TASK PROMPT ::
Retype the listing found below exactly, but leave out each picture.

THE DATA ::
▶

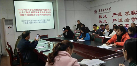 11月18日,体育学院召开专题学习党的十九届四中全会精神。此次学习以“深入学习十九届四中全会精神 不断提高工作履职能力”为主题,通过学习原文、重点发言和集中研讨相结合的方式,重点学习《中共中央关于坚持和完善中国特色社会主义制度 推进国家治理体系和治理能力现代化若干重大问题的决定》(以下简称《决定》)等内容并结合履职实际开展集中研讨,贯彻落实四中全会精神,提高科学高效履职能力,推动学院各项工作高质量发展。
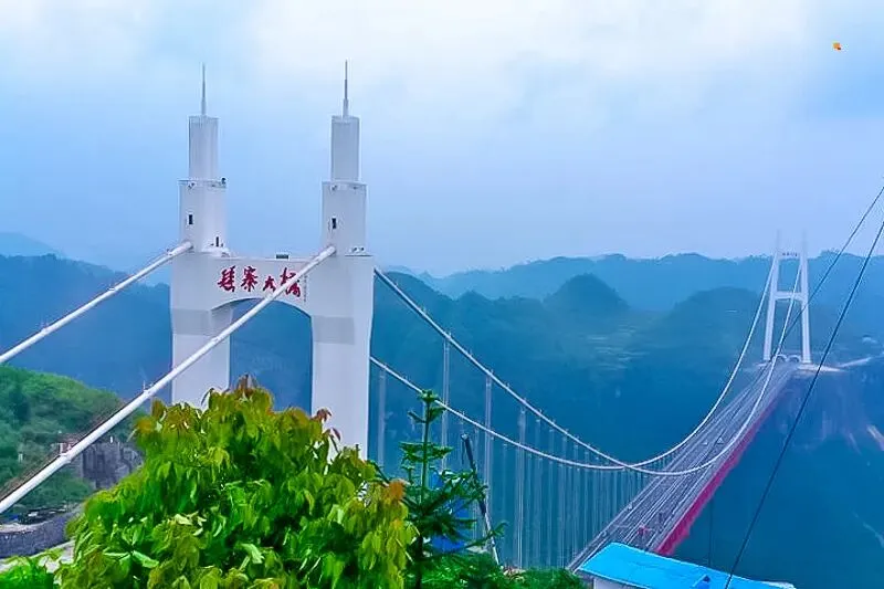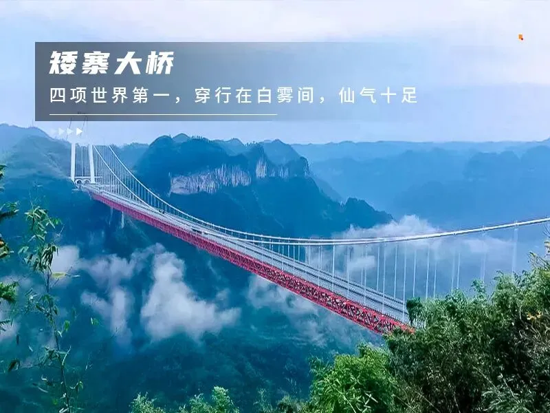 【矮寨悬索大桥景区】它被评为世界上最美的大桥, 大桥垂直高差达355米,主跨度1176米,车行在矮寨大桥上,低头是幽深的大峡谷,潺潺德夯河水经流而下,犹如在云中漫步一般。随后换乘景区观光车游览湘川公路上最险要的关卡——矮寨公路奇观,其地势之险、工程设计之巧妙居全国公路之冠。
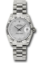 Rolex White Gold Datejust 31 Watch - Fluted Bezel - Silver Diamond Dial - President Bracelet - 178279 sdp

◀

WRITTEN SOLUTION ::
 11月18日,体育学院召开专题学习党的十九届四中全会精神。此次学习以“深入学习十九届四中全会精神 不断提高工作履职能力”为主题,通过学习原文、重点发言和集中研讨相结合的方式,重点学习《中共中央关于坚持和完善中国特色社会主义制度 推进国家治理体系和治理能力现代化若干重大问题的决定》(以下简称《决定》)等内容并结合履职实际开展集中研讨,贯彻落实四中全会精神,提高科学高效履职能力,推动学院各项工作高质量发展。
 【矮寨悬索大桥景区】它被评为世界上最美的大桥, 大桥垂直高差达355米,主跨度1176米,车行在矮寨大桥上,低头是幽深的大峡谷,潺潺德夯河水经流而下,犹如在云中漫步一般。随后换乘景区观光车游览湘川公路上最险要的关卡——矮寨公路奇观,其地势之险、工程设计之巧妙居全国公路之冠。
 Rolex White Gold Datejust 31 Watch - Fluted Bezel - Silver Diamond Dial - President Bracelet - 178279 sdp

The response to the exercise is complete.